> _WHAT THE TASK REQUIRES_: Whenever a line in the data below includes the string "screen", copy it out.

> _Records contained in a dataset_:

***

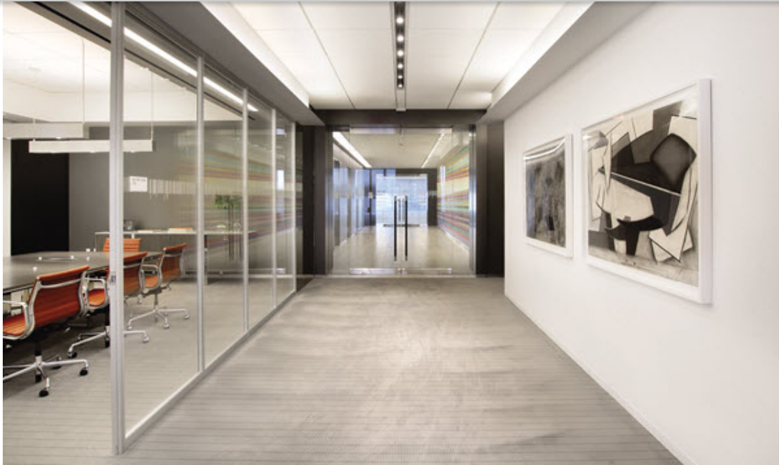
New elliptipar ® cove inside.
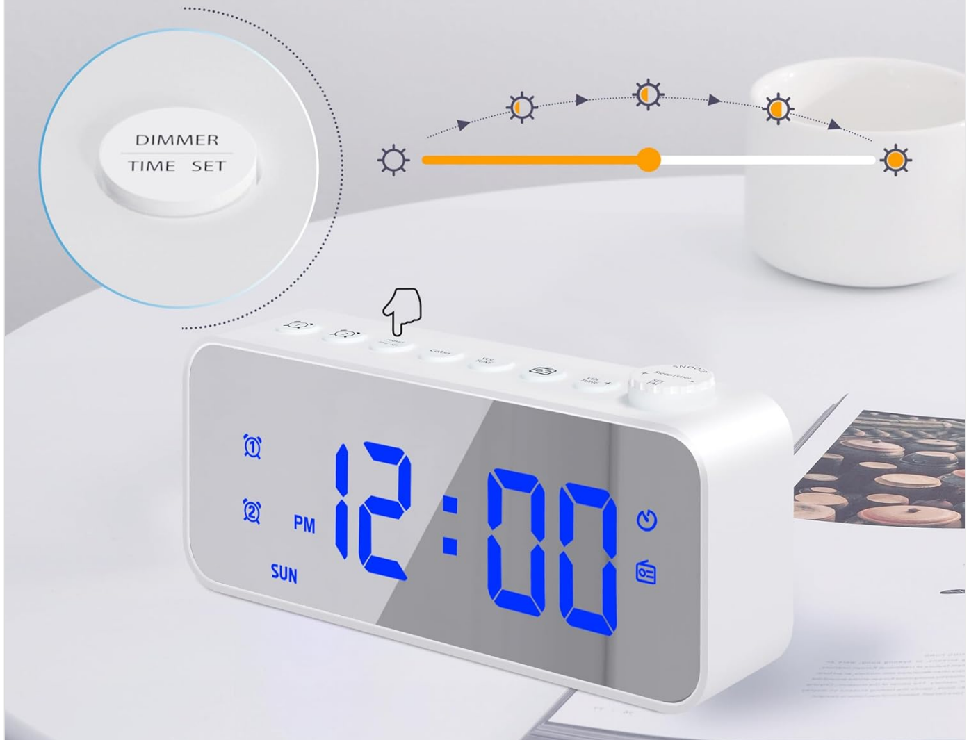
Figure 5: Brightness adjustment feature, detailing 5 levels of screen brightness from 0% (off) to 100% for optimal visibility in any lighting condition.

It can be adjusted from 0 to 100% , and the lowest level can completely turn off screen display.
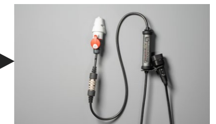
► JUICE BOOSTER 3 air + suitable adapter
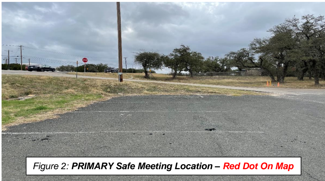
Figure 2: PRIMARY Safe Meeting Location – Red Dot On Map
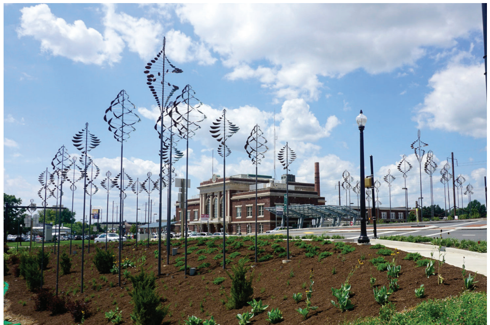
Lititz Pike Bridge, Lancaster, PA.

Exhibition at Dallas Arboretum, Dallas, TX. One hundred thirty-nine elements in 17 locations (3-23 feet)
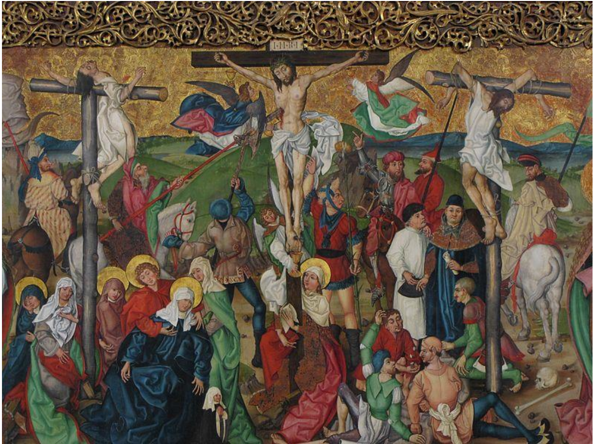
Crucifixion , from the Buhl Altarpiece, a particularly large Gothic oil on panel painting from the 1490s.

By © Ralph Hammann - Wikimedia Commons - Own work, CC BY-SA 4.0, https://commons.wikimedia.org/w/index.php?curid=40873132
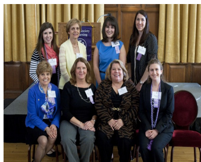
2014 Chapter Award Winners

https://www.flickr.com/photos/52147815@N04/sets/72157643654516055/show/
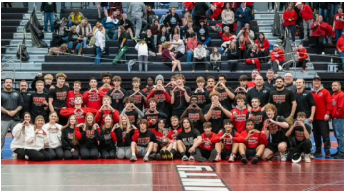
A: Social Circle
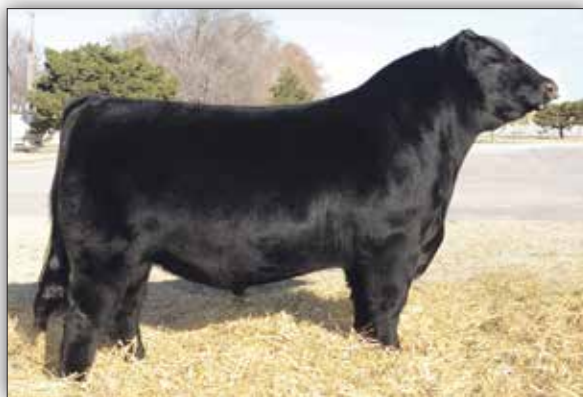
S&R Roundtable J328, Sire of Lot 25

***

> _RESPONSE TO THE EXERCISE_:
Figure 5: Brightness adjustment feature, detailing 5 levels of screen brightness from 0% (off) to 100% for optimal visibility in any lighting condition.
It can be adjusted from 0 to 100% , and the lowest level can completely turn off screen display.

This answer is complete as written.